Тебе все это кажется чересчур замысловатым? Наш Себастьян далек от того, чтобы считать средневековую Церковь свободной от греха антисемитизма, пусть тогда это так и не называлось, но само явление существовало. Себастьян считает, что Эбрар мог слышать об этом, я тебе уже говорила. Разделяли ли Эбрар и Адемар эти верования, эти заблуждения? Ничто не доказывает, что они им противостояли, как и на то, что они их разделяли. Зато известно, что епископ Пюи-ан-Велэ, весьма умеренный в иных вопросах, не следует моде на чудеса и видения, подстегивающие крестоносцев истреблять нечестивцев, но все же подвергает сомнению откровение Петру Варфоломею по поводу Святого Копья. В хрониках той эпохи написано, что это недоверие стоило ему нескольких дней, проведенных после смерти в аду!
Анна ни разу не упоминает Адемара — я тебе уже говорила, — и я разделяю удивление Себастьяна: не пристало особе, обладающей столь обширными знаниями, как она, быть такой слепой. Вели оставить в стороне недоверие, свойственное православным по отношению к Ватикану, отчего она молчала о призывах Папы? Может, оттого, что это было как-то связано с Эбраром, которого она желала скрыть, утаить от мира, поскольку возводила монумент своему отцу, а заодно и себе? При этом она не может удержаться от того, чтобы признать все в той же «Алексиаде» определенные достоинства за Раймондом де Сен-Жилем, графом Тулузским, которого сопровождали Адемар с Эбраром и с чьими войсками — как пишет Себастьян — Анна встречалась сорока годами ранее, у своей бабки. Кстати, это те же войска, часть которых достигла Филиппополя — запомни это название, ты еще его услышишь! — до того, как сам Раймонд де Сен-Жиль добрался до Константинополя, принял участие в осаде Никеи, до того, как ему было доверено Святое Копье, до того, как он встал под стенами Дамаска и Триполи и ему было предложено стать королем Иерусалимским, et cetera.
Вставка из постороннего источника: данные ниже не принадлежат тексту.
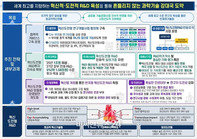 혁신적‧도전적 R&D는 고난이도, 높은 불확실성, 큰 파급효과, 실패가치 인정 등을 특징으로 하여 우리나라 국가 R&D 생태계 전반에 새로운 역동성을 부여하는 「심장(HEART)」과 같은 기능을 수행할 것으로 기대된다.
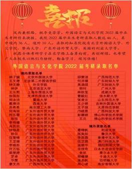 日前,2022年全国硕士研究生招生录取工作落下帷幕。在Beat365唯一官方网站全体师生的共同努力下,2022届考研学子传来捷报。学院考研录取人数达45人,其中境内36人,境外9人,占全院总人数的16.91%,其中英语1、2班的考研录取率分别达到24.24%和25.81%,升学率达到历史新高,考研率和考研录取率双双名列全校第一。录取的知名院校有北京外国语大学、外交学院、暨南大学、广东外语外贸大学、英国的利兹大学等。
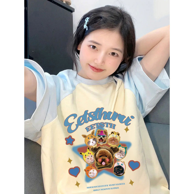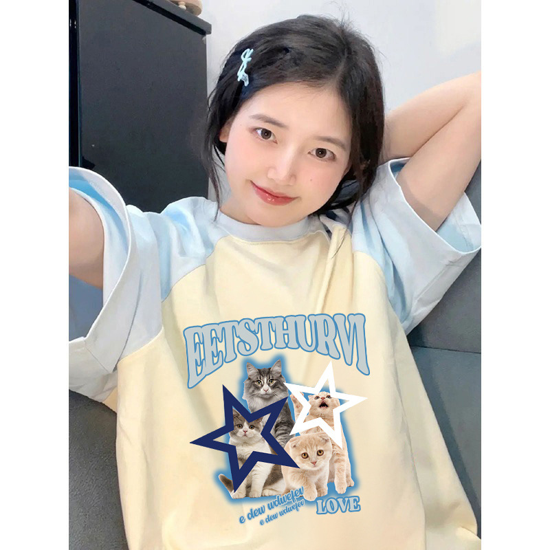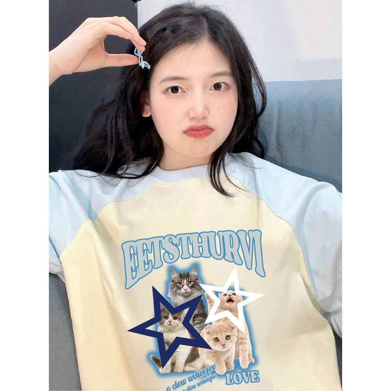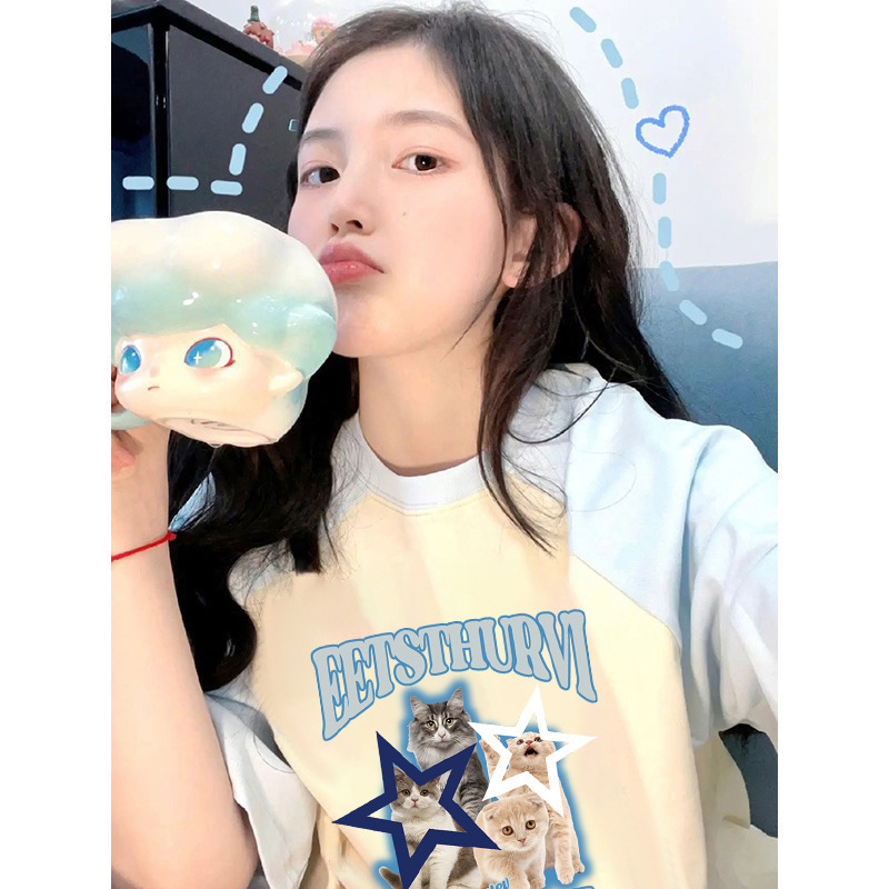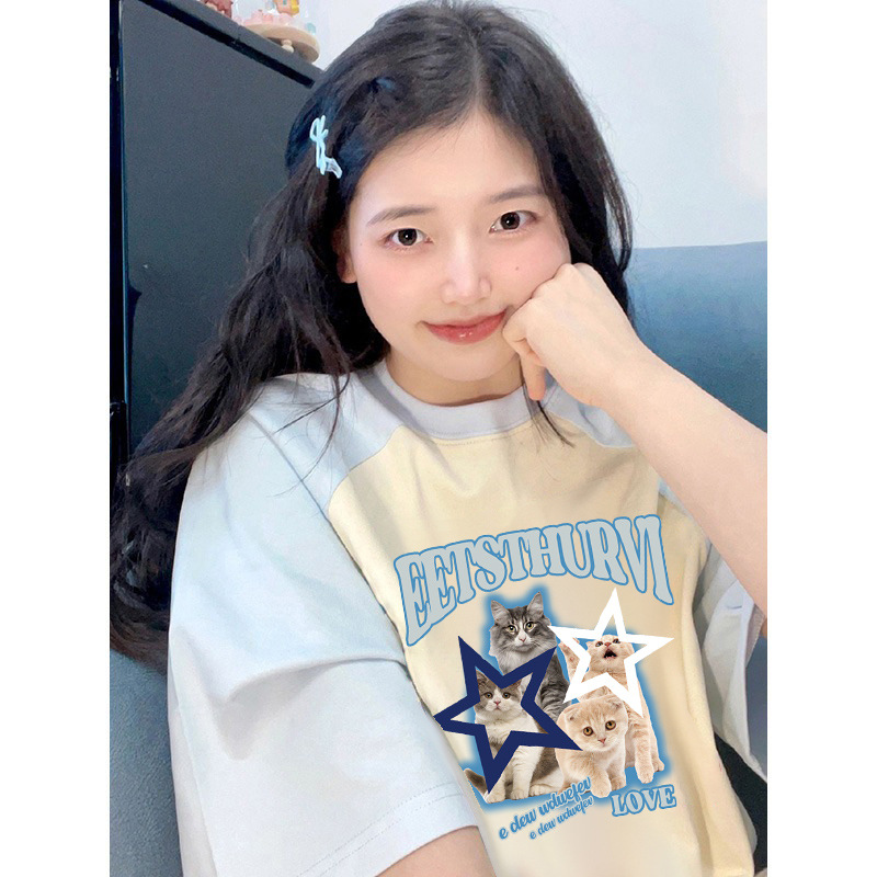 重磅纯棉拼色插肩短袖T恤女夏季宽松多巴胺穿搭甜酷情侣半袖上衣
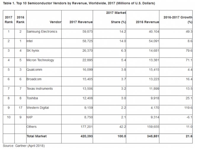 Gartner研究總監(jiān)George Brocklehurst表示:“2017年半導(dǎo)體行業(yè)有兩個(gè)里程碑,即收入超過4000億美元,以及過去25年來排名第一的英特爾三星電子打敗。這兩個(gè)里程碑都是由于內(nèi)存市場的快速增長導(dǎo)致的,供應(yīng)不足導(dǎo)致DRAM和NAND閃存價(jià)格走高。”
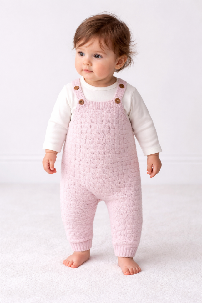 - Un salop/combinezon tricotat, moale și călduros, perfect pentru zilele mai răcoroase. Designul său elegant și materialul delicat vor face ca micuțul tău să arate adorabil.
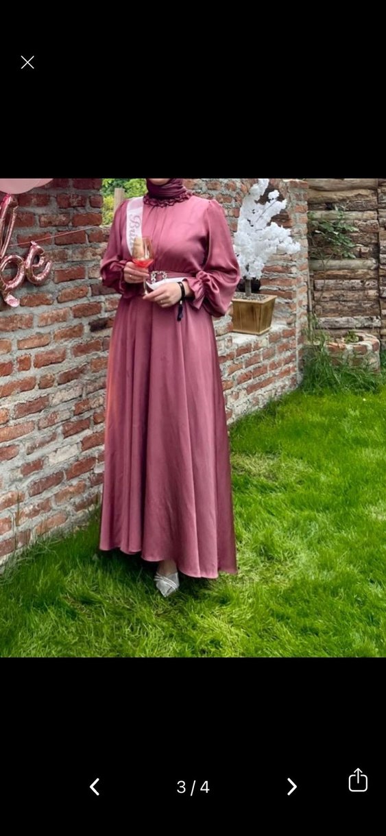 Uzun boy, yüksek yakalı ve uzun kollu, satenimsi kumaştan yapılmış, bol ve drapeli fitli burgundi renkli elbise. Parlak yüzeyi ve mütevazı bohem stiliyle düğünlere uygundur.
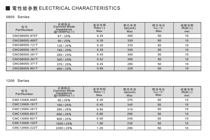 對(duì)高頻共模噪聲有良好的抑制作用; 對(duì)不同的噪聲水平和信號(hào)頻率,有67Ω~2200Ω可供選擇。
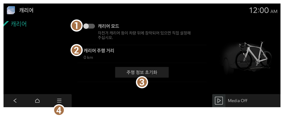 자전거 캐리어 등이 차량 뒤에 장착되어 있으면 직접 설정해 주십시오.
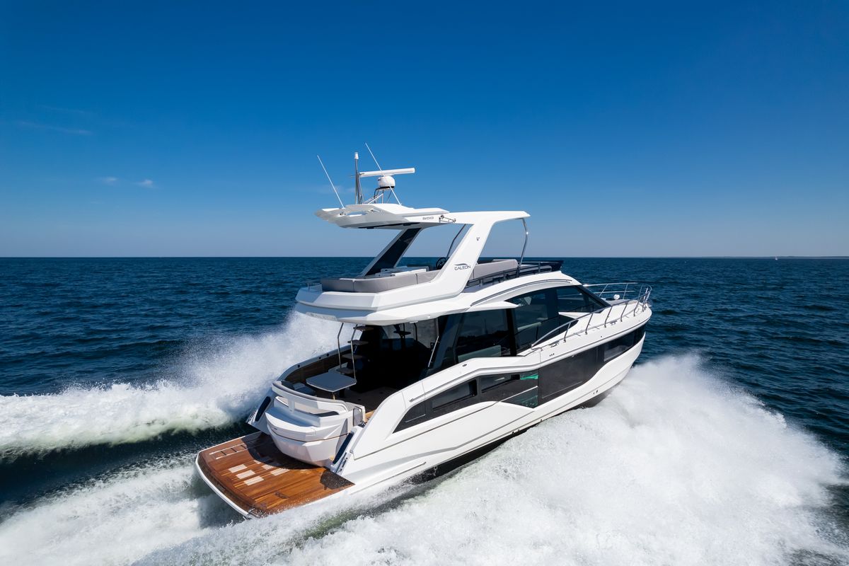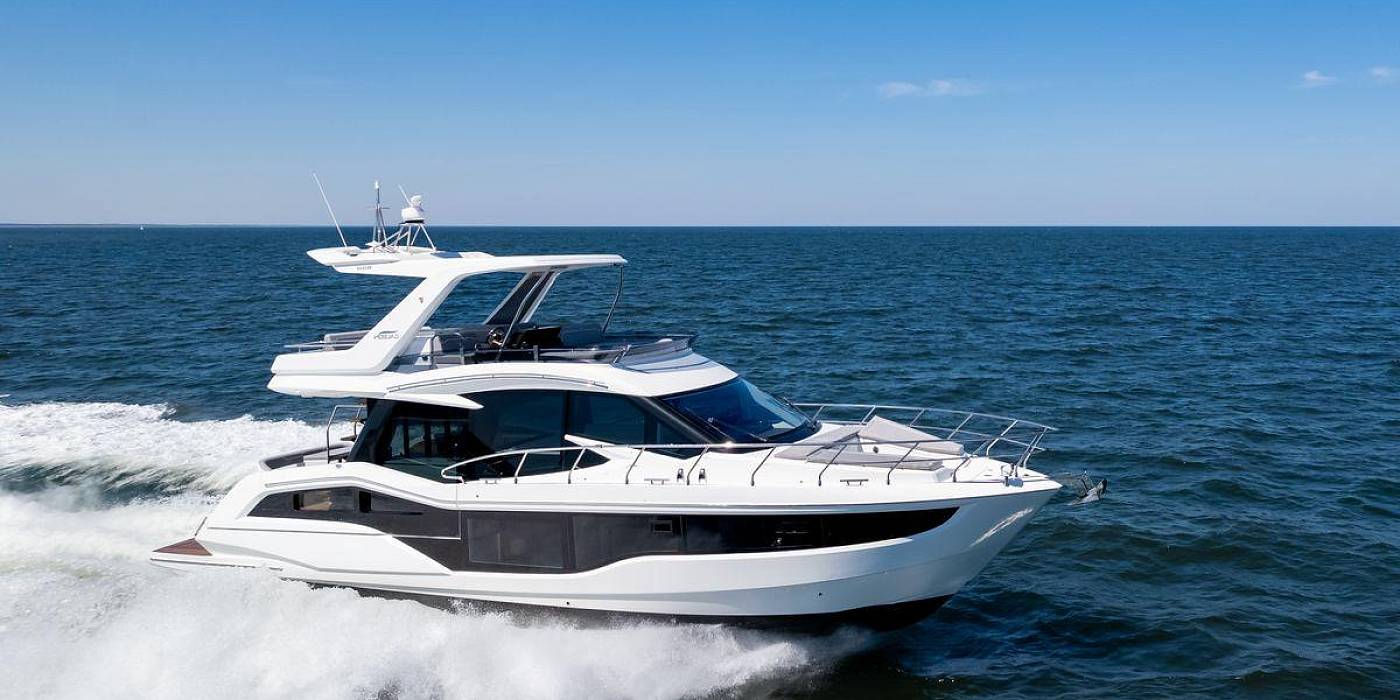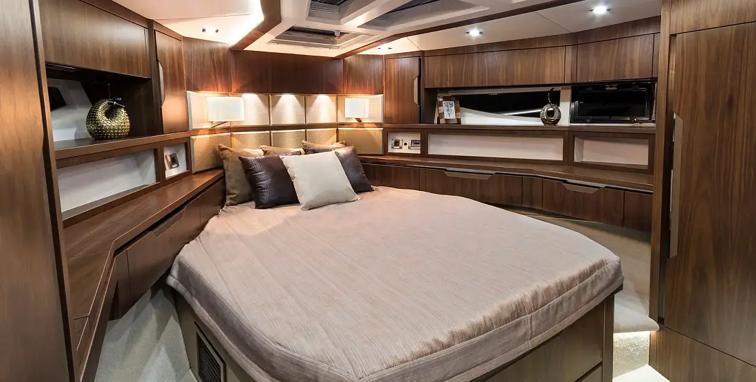 A bright interior of the saloon is fitted with leisure and dining areas as well as a functional helm station with great visibility. The lower deck of the Galeon 500 FLY has three cabins and two bathrooms for a total of six berths. The master one, located midship, holds a double bed, a large wardrobe and a private bathroom. The bow VIP cabin offers spectacular night views thanks to a series of skylights while the third guest cabin can be turned into a study, a wardrobe or an additional leisure area on board Galeon 500 FLY.

Анна окрестила Сен-Жиля Исангелом и, умолчав об Адемаре, славословила графа Тулузского, которому как раз и служил Эбрар: «Из всех латинян император выделил Исангела, которого полюбил за выдающийся ум, за искренность суждений и за чистоту жизни; он знал также, что больше всего Исангел дорожил правдой и не предпочел ей ничто иное. Всеми этими качествами он выделялся среди других латинян, как солнце среди звезд» .
Неплохо сказано, правда? Сен-Жиль, солнце, при взгляде на которое становятся невидимыми Адемар с Эбраром. Алексей часто принимает у себя графа Тулузского, единственного из этой банды баронов, которая всегда вызывала подозрение у византийцев и которую терпели до поры до времени, покуда окончательно не отторгли в связи с чередой ужасов и грабежей, порожденных волной крестовых походов. Между императором и крестоносцами Исангела будет даже заключен договор! Подумать только! Анна не может скрыть свою радость и выплескивает ее на страницы книги. Говорит ли она здесь как политический деятель или как женщина, пытающаяся скрыть свою тайну и то смущение, которое испытала однажды в юности?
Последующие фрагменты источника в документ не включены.